Camille poursuivit :
— Vous savez que lorsque Crémieux a été retrouvé, le poinçon avec lequel il avait été assassiné était
fiché dans un papier qui portait l’inscription « REMEMBER » ?
— Crémieux ? Qui est-ce ? questionna Lucienne Lamblé avant que Me Lantier ait pu ouvrir la bouche.
— Le chauffeur de votre frère Georges.
Un éclair de compréhension brilla dans les yeux de la vieille dame, et des bribes de souvenirs parurent
remonter à la surface.
— Ah, lui…
Le ton de sa réplique montrait en quelle piètre estime elle tenait le personnage, qui ne faisait partie que
des ombres qui s’agitaient en arrière-plan de son existence.
— Il a été assassiné ? s’étonna-t-elle.
— En 1972.
— Et quel lien avec Marcel ? intervint l’avocat.
— Pour l’instant, je l’ignore, rétorqua Camille Dantès.
— En tout cas, trancha Lucienne Lamblé, péremptoire, je ne me souviens pas de tout cela. Je ne
comprends pas votre histoire de couronne mortuaire, et je suis parfaitement incapable d’expliquer ce…
« REMEMBER ».
Volontairement ou non, elle articula le mot avec un accent français particulièrement prononcé,
prononçant les « r » du fond de la gorge.
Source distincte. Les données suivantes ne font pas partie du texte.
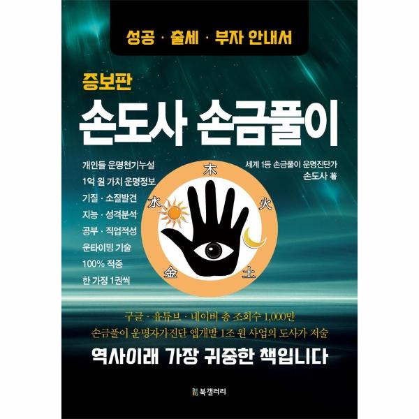 기존 ‘손도사 손금풀이’ 책을 대폭 수정·보완한 증보판. 사람 누구나 가지고 있는 손금의 형태에 따라 각 개인의 타고난 기질·체질·소질발견 그리고 지능·재능·성격 분석과 운(運을 분류하고 선천운과 후천운 등의 평생운명에 대해서도 알기 쉽게 풀어쓴 이 책은 상세한 그림과 함께 적절한 명칭 및 해설이 곁들여져 있어 이 책 한 권만으로도 각 개인의 손금의 생김새에 따라 자신의 운명을 본인 스스로 손쉽게 찾아볼 수 있는 것은 물론, 가까운 상대의 손금까지도 전문가처럼 쉽게 해석할 수 있도록 했다.

L’entretien s’acheva sur cette constatation. Pour une fois, Me Lantier affichait une expression perplexe.
La recherche de Marcel Arbogaste, qu’il n’avait sans doute envisagée que comme une sorte de formalité,
paraissait se transformer en un drôle de sac de nœuds, comme aurait dit Benjamin.
Quant à Lucienne Lamblé, elle ne semblait pas plus perturbée par l’assassinat de son frère que par
celui de sa fille. Même si, dans le cas de son frère, elle ne l’avait pas revu depuis des décennies. Et elle
ne paraissait pas non plus se poser de questions sur la succession rapide de ces deux meurtres.